What MSPs Should Be Doing Now

The Five Eyes guidance is addressed to organizations deploying agentic AI. For MSPs and vCISOs, the guidance describes the assessment work your clients need.

Inventory agent deployments across client tenants. Most organizations do not have a complete picture of which AI agents are running, what access they hold, and who deployed them. Microsoft Agent 365 provides discovery tooling for M365 environments. For everything else, manual enumeration is the starting point. Service accounts with API access to agent frameworks, MCP servers in development environments, and Copilot Studio agents published without IT governance review all need to be cataloged.

Assess agent permissions against least-privilege. The Five Eyes guidance calls this out as the highest-risk category. Every agent should be reviewed for excessive scope: Does the agent need write access or only read? Does it need access to all mailboxes or a specific set? Are credentials long-lived or short-lived? Are service accounts shared across multiple agents?

Evaluate framework and protocol exposure. If clients are building custom agents on CrewAI, LangChain, Semantic Kernel, or other frameworks, the CVEs disclosed in May 2026 need to be checked against deployed versions.

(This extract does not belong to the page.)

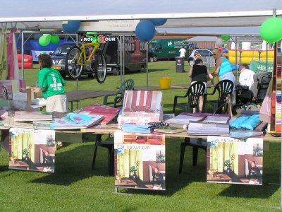 Op het trainingsveld wordt de laatste hand gelegd aan de inrichting van de kramen. |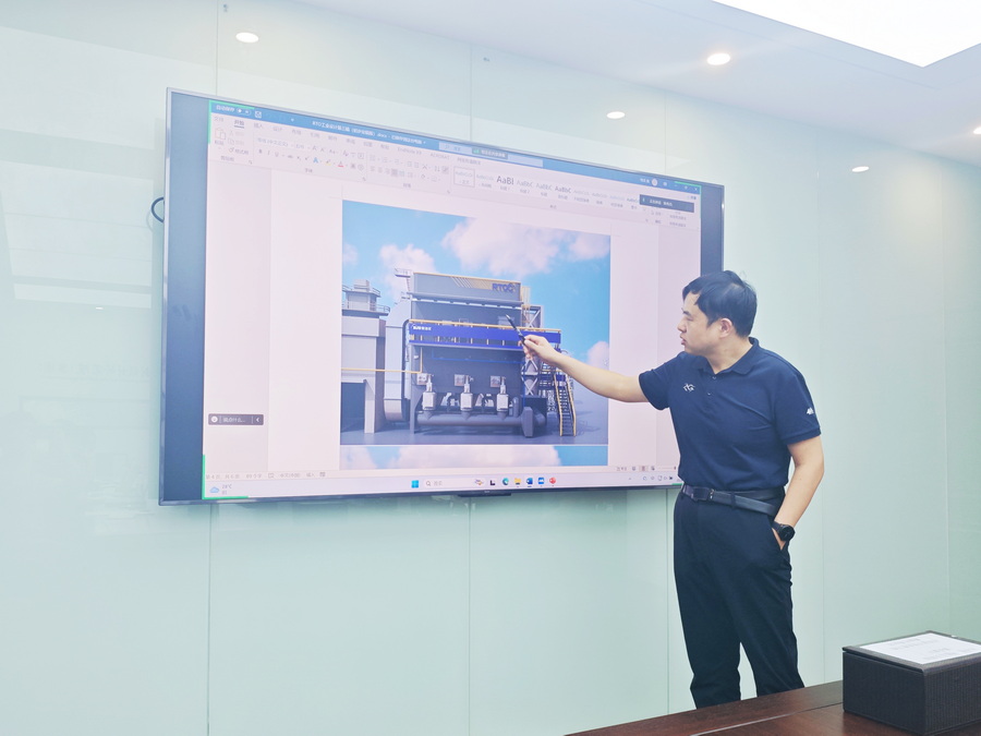 陆朝阳在讲话中指出,目前正处在传统RTO换代革新的窗口期,性能优良、性价比高的新一代RTO技术装备市场需求巨大,是环境行业最有市场潜力的技术装备之一。他肯定了工程技术中心在该领域的研究成果、技术实力和品牌价值,要求大家在继续做好RTOC研发和推广工作的同时,抓住时代机遇,进一步加大研发投入,充分利用数字孪生技术赋能工业装备的技术革新,在处理效果、智能网联、制造水平等方面持续引领行业方向,并有效控制制造成本和运行费用,从本质上提升客户价值和市场竞争力。徐遵主对数字孪生技术和新型工程装备的研发提出了具体要求,并作出了系统性的工作部署。

If MCP servers are running in any environment, the structural vulnerability needs to be assessed and mitigated with network segmentation and access controls.

Extend DLP and monitoring to agent interactions. Copilot DLP policies, covered in CIS Microsoft 365 Foundations Benchmark v7.0.0 control 3.2.3, are the minimum. Agents that interact with sensitive data need monitoring that covers their prompts, tool calls, and outputs.

Build AI governance into existing assessment programs. The Five Eyes guidance explicitly says agentic AI does not require an entirely new security discipline. Organizations should fold agent security into the frameworks they already use. NIST AI RMF provides the structure. CIS benchmarks provide the M365-specific controls. The AI governance assessment is the connective layer that maps agent risk to existing policy and identifies gaps.

The Signal, Clearly Stated

Five governments, including the agencies responsible for signals intelligence and cybersecurity across the English-speaking world, jointly published guidance on securing agentic AI. The same week, Microsoft disclosed that prompt injection in two widely used agent frameworks leads to remote code execution. A structural flaw in the protocol that connects AI agents to external tools puts 200,000 servers at risk. Three critical vulnerabilities in Microsoft 365 Copilot were patched server-side.

The Darktrace survey of 1,540 security leaders found 92% are concerned about AI agents in their environments. Nearly half feel unprepared to defend against the attacks these systems introduce.

The organizations deploying agentic AI need assessment work done before they expand scope. The organizations that have not started deploying need to understand the governance requirements before they do. Both conversations start with the same question: what agents are running in this environment, what can they access, and who is watching them?

That is an assessment engagement. The frameworks exist. The threat evidence is public and specific. The work is straightforward for teams that already deliver security assessments against NIST and CIS benchmarks.

The Five Eyes governments just told your clients to do it.